§ **WORK TO BE COMPLETED**: Return, word for word, only the lines of the data below that lie between the line with "One or more" and the line with "截止至5月10日19:00,《2020中", those two lines included.
EXERCISE INPUT START
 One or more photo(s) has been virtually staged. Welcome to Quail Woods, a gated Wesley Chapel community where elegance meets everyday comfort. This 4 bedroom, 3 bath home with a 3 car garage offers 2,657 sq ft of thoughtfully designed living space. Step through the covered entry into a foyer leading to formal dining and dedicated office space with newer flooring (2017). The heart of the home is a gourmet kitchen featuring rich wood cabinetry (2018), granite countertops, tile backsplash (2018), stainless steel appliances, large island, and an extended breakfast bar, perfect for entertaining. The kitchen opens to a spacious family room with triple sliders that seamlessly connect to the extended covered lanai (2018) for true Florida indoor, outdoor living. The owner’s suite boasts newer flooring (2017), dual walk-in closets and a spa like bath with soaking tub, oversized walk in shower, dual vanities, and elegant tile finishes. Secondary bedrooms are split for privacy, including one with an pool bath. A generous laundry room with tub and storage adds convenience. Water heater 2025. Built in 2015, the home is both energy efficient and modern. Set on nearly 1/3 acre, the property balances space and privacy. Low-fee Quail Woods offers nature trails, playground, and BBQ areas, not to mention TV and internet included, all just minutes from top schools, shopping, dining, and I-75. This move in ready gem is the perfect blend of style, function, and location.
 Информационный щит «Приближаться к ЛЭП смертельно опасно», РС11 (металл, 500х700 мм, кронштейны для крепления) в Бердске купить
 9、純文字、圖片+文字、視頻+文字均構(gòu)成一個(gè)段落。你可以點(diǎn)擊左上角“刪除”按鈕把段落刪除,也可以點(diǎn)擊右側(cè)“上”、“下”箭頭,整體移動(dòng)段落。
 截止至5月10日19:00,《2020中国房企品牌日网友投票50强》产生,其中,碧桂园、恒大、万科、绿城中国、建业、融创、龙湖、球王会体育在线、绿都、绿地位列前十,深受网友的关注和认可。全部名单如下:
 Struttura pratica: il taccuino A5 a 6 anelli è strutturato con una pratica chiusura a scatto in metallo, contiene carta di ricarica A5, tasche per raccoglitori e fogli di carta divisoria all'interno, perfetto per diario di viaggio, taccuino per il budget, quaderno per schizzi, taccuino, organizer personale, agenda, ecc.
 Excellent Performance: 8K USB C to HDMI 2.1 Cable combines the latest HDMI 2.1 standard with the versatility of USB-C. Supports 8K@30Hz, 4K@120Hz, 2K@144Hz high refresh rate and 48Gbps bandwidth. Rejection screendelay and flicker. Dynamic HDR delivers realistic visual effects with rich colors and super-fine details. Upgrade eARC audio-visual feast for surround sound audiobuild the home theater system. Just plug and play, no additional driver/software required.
EXERCISE INPUT END
EXERCISE INPUT START
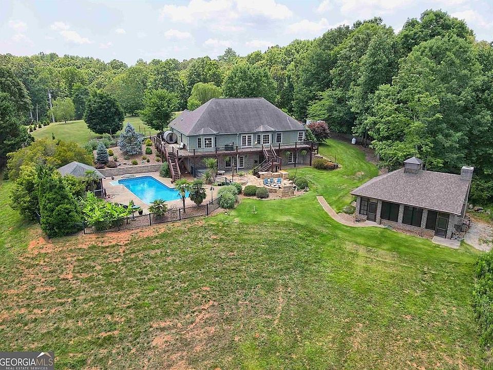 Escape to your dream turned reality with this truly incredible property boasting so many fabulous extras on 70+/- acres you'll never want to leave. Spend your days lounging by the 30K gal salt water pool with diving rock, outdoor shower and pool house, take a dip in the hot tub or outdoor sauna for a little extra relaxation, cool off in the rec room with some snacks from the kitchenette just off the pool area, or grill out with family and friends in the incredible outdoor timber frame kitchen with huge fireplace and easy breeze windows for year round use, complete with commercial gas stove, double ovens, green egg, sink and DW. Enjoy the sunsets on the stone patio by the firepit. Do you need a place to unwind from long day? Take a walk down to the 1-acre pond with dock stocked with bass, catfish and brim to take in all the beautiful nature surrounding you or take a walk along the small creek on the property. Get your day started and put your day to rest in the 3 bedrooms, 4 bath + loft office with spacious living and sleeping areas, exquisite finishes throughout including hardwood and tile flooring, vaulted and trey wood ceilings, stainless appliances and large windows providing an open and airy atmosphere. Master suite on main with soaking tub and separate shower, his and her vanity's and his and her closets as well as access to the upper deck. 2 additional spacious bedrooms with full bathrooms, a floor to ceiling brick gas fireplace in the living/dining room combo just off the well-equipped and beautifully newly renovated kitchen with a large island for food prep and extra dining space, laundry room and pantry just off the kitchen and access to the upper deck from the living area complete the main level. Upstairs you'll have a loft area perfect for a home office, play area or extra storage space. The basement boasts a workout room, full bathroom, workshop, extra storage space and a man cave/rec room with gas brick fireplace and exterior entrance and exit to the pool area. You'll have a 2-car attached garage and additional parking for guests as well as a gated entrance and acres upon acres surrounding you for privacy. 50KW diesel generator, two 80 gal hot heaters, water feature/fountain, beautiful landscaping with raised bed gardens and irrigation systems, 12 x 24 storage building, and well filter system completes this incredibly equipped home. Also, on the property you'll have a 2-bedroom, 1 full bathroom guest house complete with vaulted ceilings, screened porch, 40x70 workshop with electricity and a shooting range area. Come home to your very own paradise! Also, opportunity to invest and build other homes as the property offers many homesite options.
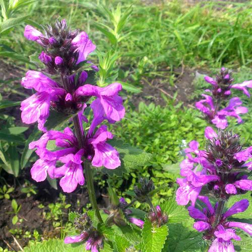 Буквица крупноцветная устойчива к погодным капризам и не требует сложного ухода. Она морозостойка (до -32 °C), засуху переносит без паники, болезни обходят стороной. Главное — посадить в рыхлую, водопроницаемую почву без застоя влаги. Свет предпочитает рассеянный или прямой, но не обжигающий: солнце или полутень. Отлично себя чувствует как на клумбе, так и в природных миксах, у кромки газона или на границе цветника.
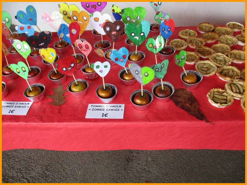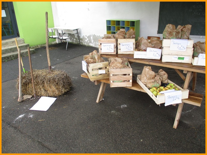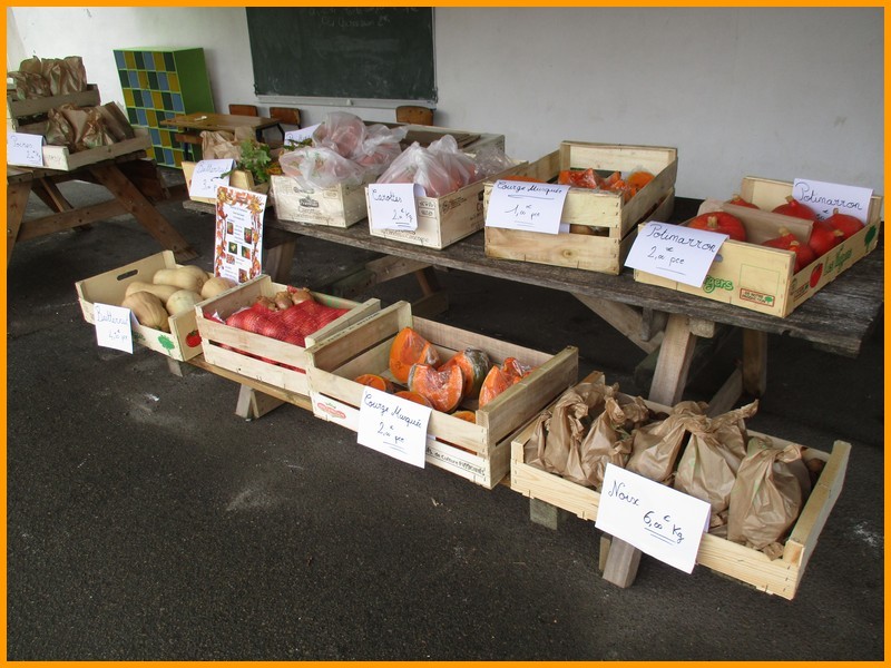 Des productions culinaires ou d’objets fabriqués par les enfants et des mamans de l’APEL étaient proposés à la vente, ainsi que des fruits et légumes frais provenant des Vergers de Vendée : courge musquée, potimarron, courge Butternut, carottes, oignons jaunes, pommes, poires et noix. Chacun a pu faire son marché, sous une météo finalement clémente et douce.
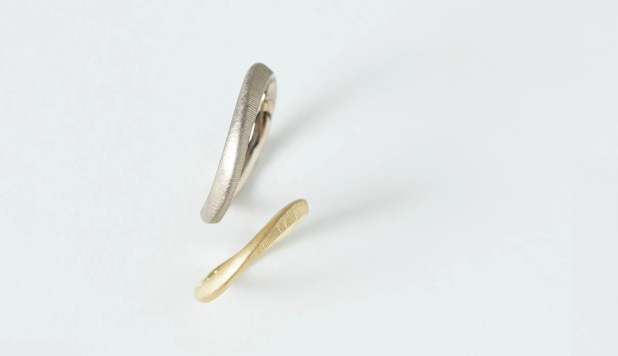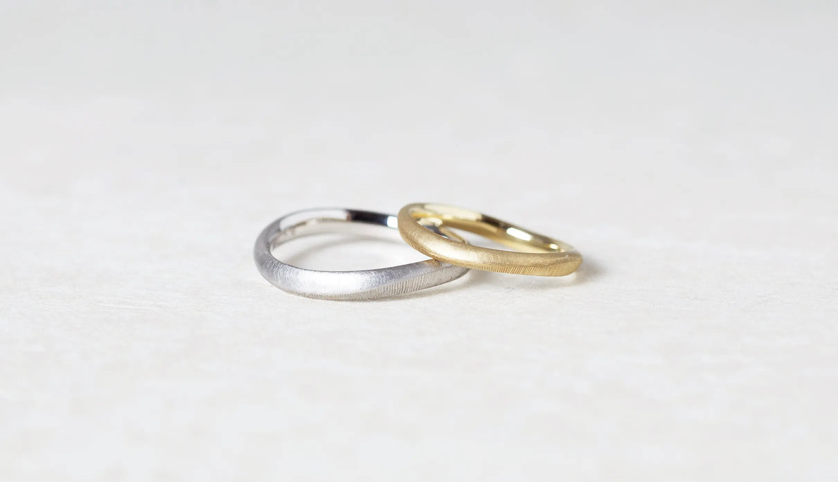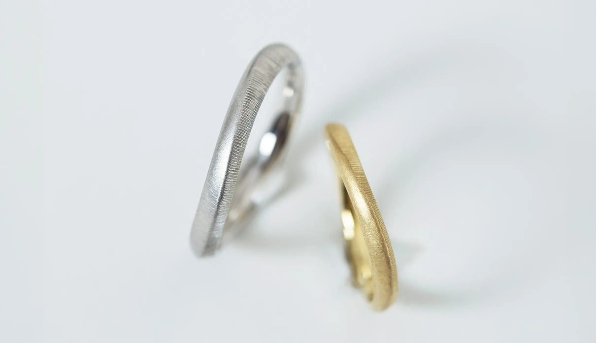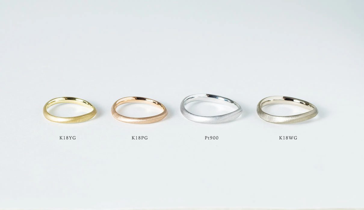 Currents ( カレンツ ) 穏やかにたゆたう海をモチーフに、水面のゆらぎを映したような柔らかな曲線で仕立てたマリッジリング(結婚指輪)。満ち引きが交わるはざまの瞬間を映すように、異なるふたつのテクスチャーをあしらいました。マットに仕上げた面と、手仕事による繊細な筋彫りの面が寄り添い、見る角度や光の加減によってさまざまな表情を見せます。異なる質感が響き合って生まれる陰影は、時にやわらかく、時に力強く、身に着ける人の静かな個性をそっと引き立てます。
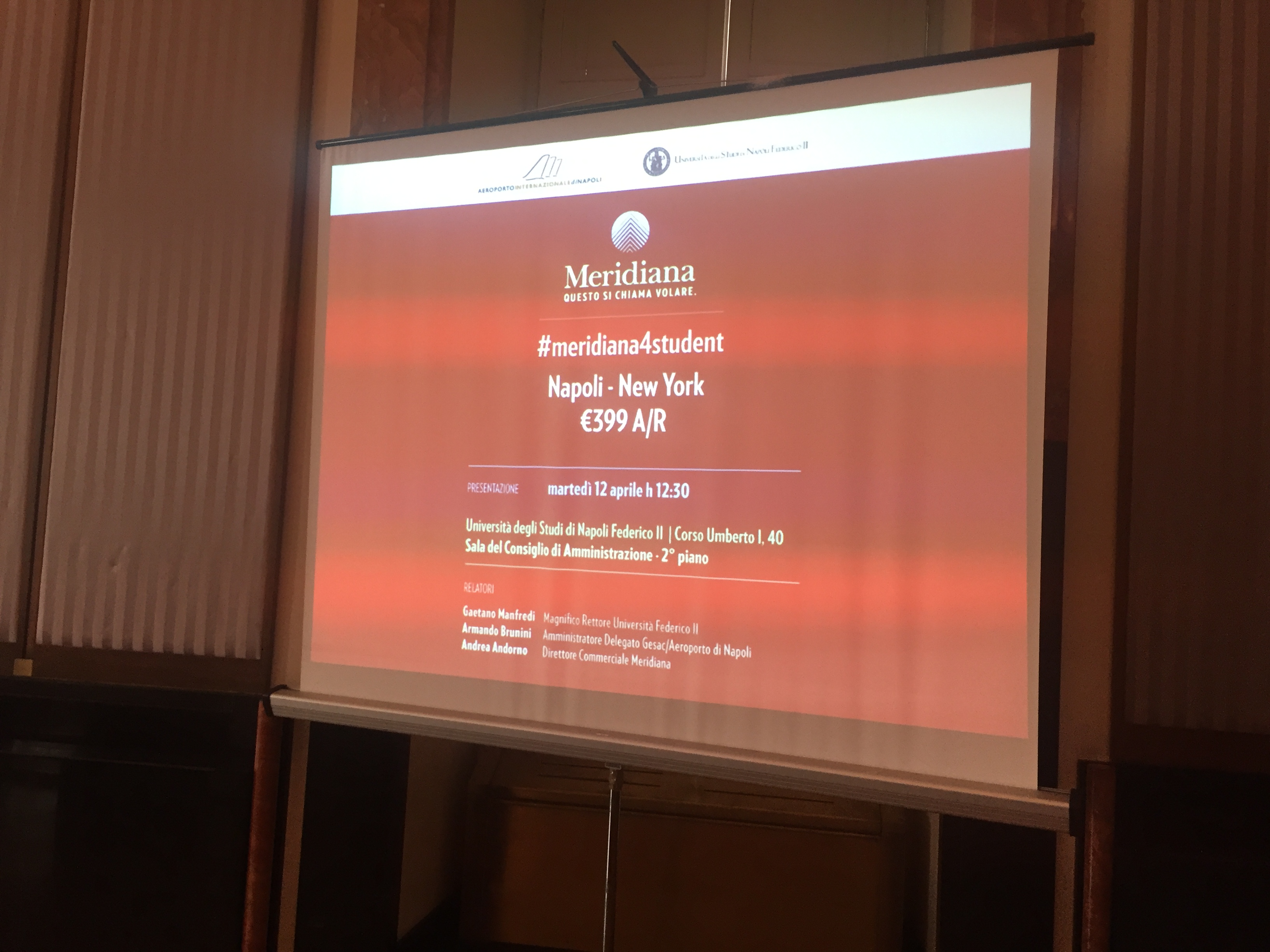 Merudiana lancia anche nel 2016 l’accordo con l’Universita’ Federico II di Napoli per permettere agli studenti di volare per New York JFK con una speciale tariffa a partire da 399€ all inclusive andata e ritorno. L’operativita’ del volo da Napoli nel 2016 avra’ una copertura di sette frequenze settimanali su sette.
EXERCISE INPUT END
§ **TASK RESPONSE**:
 One or more photo(s) has been virtually staged. Welcome to Quail Woods, a gated Wesley Chapel community where elegance meets everyday comfort. This 4 bedroom, 3 bath home with a 3 car garage offers 2,657 sq ft of thoughtfully designed living space. Step through the covered entry into a foyer leading to formal dining and dedicated office space with newer flooring (2017). The heart of the home is a gourmet kitchen featuring rich wood cabinetry (2018), granite countertops, tile backsplash (2018), stainless steel appliances, large island, and an extended breakfast bar, perfect for entertaining. The kitchen opens to a spacious family room with triple sliders that seamlessly connect to the extended covered lanai (2018) for true Florida indoor, outdoor living. The owner’s suite boasts newer flooring (2017), dual walk-in closets and a spa like bath with soaking tub, oversized walk in shower, dual vanities, and elegant tile finishes. Secondary bedrooms are split for privacy, including one with an pool bath. A generous laundry room with tub and storage adds convenience. Water heater 2025. Built in 2015, the home is both energy efficient and modern. Set on nearly 1/3 acre, the property balances space and privacy. Low-fee Quail Woods offers nature trails, playground, and BBQ areas, not to mention TV and internet included, all just minutes from top schools, shopping, dining, and I-75. This move in ready gem is the perfect blend of style, function, and location.
 Информационный щит «Приближаться к ЛЭП смертельно опасно», РС11 (металл, 500х700 мм, кронштейны для крепления) в Бердске купить
 9、純文字、圖片+文字、視頻+文字均構(gòu)成一個(gè)段落。你可以點(diǎn)擊左上角“刪除”按鈕把段落刪除,也可以點(diǎn)擊右側(cè)“上”、“下”箭頭,整體移動(dòng)段落。
 截止至5月10日19:00,《2020中国房企品牌日网友投票50强》产生,其中,碧桂园、恒大、万科、绿城中国、建业、融创、龙湖、球王会体育在线、绿都、绿地位列前十,深受网友的关注和认可。全部名单如下:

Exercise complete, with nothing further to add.